The frequency direction interpolation characteristic data which has been obtained in the interpolation filter 39 in the manner as described above is supplied in turn as transmission path characteristic data used for the distortion correction of the OFDM signal to the transmission path distortion correcting portion 20.
Here, the transmission path characteristics estimating section 19 supplies not only the transmission path characteristic data obtained in the interpolation filter 39, but also the optimal position information obtained in the filter center controlling portion 37 to the transmission path distortion correcting portion 20.
The transmission path distortion correcting portion 20 adjusts (rotates) the phase of the OFDM frequency region signal from the FFT portion 18 in accordance with the optimal position information supplied thereto from the transmission path characteristics estimating section 19. After that, the transmission path distortion correcting portion 20 divides the OFDM frequency region signal by the transmission path characteristic data supplied thereto from the transmission path characteristics estimating section 19, thereby carrying out the distortion correction for the OFDM frequency region signal.
FIG. 5 is a diagram explaining the time direction interpolation characteristic data as the estimate values of the transmission path characteristics which the time direction interpolating portion 34 shown in FIG. 4 obtains by using the transmission path characteristic data (SP transmission path characteristic data) on the positions of the SPs shown in FIG. 2, and for which the interpolation in the time direction is carried out.
In FIG. 5, circle marks (an open circle mark and a shaded circle mark) represent the transmission symbols (sub-carriers) of the OFDM signal.
In addition, in FIG. 5, the shaded circle mark represents the transmission symbol in which the estimate value of the transmission path characteristics is contained in the time direction interpolation characteristic data (a sample value of the time direction interpolation characteristic data exists).
According to the interpolation in the time direction carried out in the time direction interpolating portion 34, as shown in FIG. 5, the estimate value of the transmission path characteristics for each three transmission symbols (in the frequency direction) can be obtained from the OFDM signal in which the SPs are arranged in the manner as shown in FIG. 2 with respect to each of the OFDM symbols.

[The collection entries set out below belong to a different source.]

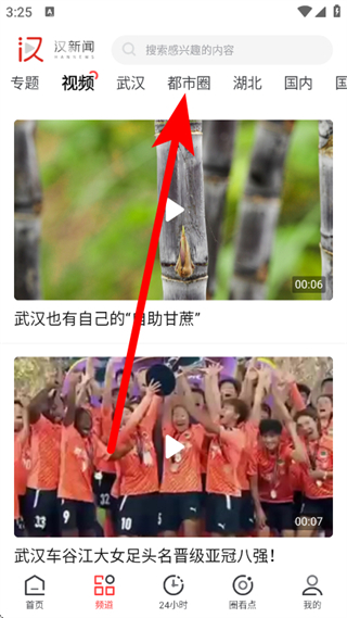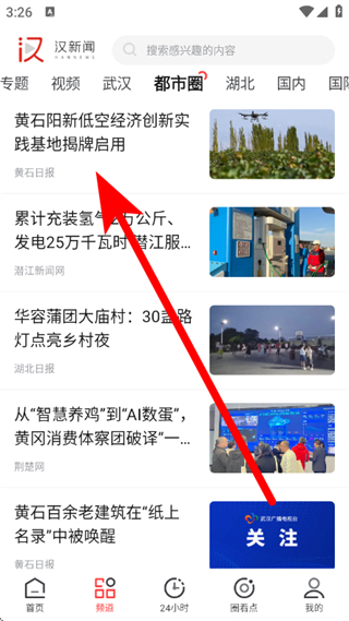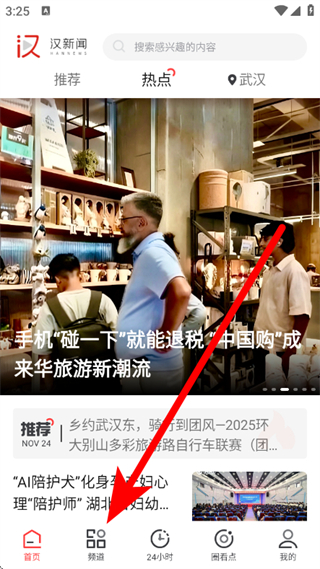 1、打开汉新闻,点击底部频道,进入频道管理页面。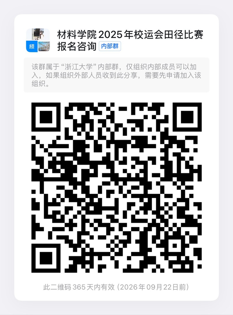 其他未尽事宜,请加入钉钉群聊:材料学院2025年校运会田径比赛报名咨询。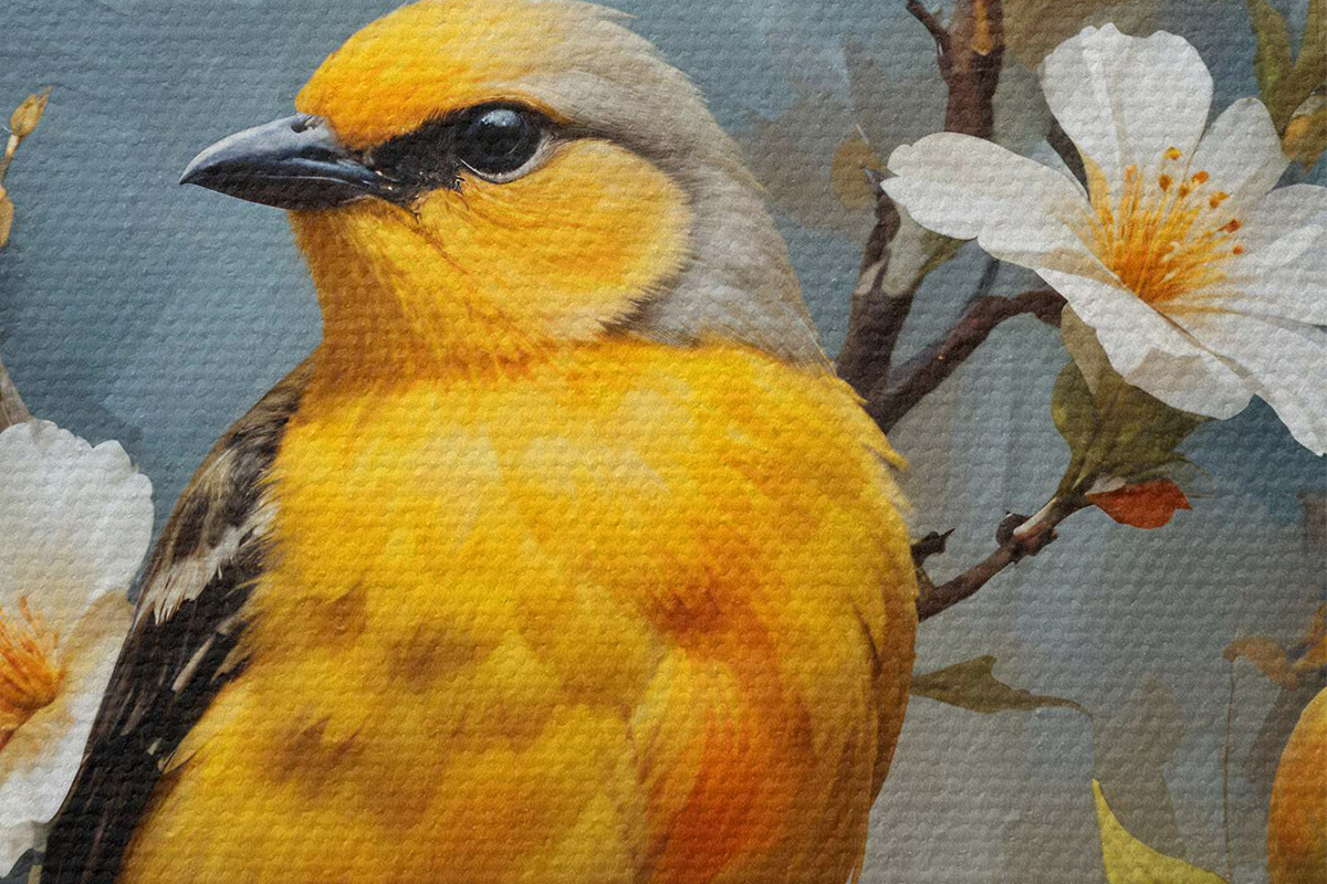 Foto Un pájaro amarillo sentado en una rama con flores blancas y naranjas de fondo Nr r40550

FIG. 6 is a diagram explaining the frequency direction interpolation characteristic data as the estimate values of the transmission path characteristics which are obtained by the frequency direction interpolating part 35 by using the time direction interpolation characteristic data as the estimate values of the transmission path characteristics of the transmission symbols each indicated by a shaded circle mark in FIG. 5 and for which the interpolation in the frequency direction is carried out.
The frequency direction interpolating part 35 carries out the interpolation for the time direction interpolation characteristic data in which the estimate value of the transmission path characteristics is obtained every three transmission symbols in the sub-carrier number direction (in the frequency direction). Thereby, the frequency direction interpolating part 35 obtains frequency direction interpolation characteristic data as the estimate values of the transmission path characteristics of the respective transmission symbols of the OFDM symbols. In this case, the frequency direction interpolation characteristic data is surrounded with a shaded rectangle shown in FIG. 6.
That is to say, in the frequency direction interpolating part 35, the position adjusting portion 36 adjusts the phase of the time direction interpolation characteristic data supplied thereto from the time direction interpolating portion 34 in accordance with the optimal position information supplied thereto from the filter center controlling portion 37. Also, the position adjusting portion 36 supplies the time direction interpolation characteristic data after completion of the phase adjustment to the up-sampling portion 38.
The up-sampling portion 38 interpolates two zeros between the sample values of the time direction interpolation characteristic data (refer to FIG. 5) supplied thereto from the position adjusting portion 36 to generate the time direction interpolation characteristic data in which the amount of data is made three times as large as original one, and supplies the time direction interpolation characteristic data thus generated to the interpolation filter 39.
That is to say, as shown in FIG. 5, the time direction interpolation characteristic data supplied from the position adjusting portion 36 to the up-sampling portion 38 has an arrangement pattern (system) in which the estimation value of the transmission path characteristics is arranged every three transmission symbols when viewed in the frequency direction.
Therefore, with regard to the time direction interpolation characteristic data supplied from the position adjusting portion 36 to the up-sampling portion 38, only the two transmission symbols for each of which the transmission path characteristics have not been estimated exist between the transmission symbols for each of which the transmission path characteristics have been estimated when viewed in the frequency direction. For this reason, the up-sampling portion 38 interpolates the two zeros each becoming a sample point of the transmission path characteristics for the two transmission symbols for each of which the transmission path characteristics have not been estimated.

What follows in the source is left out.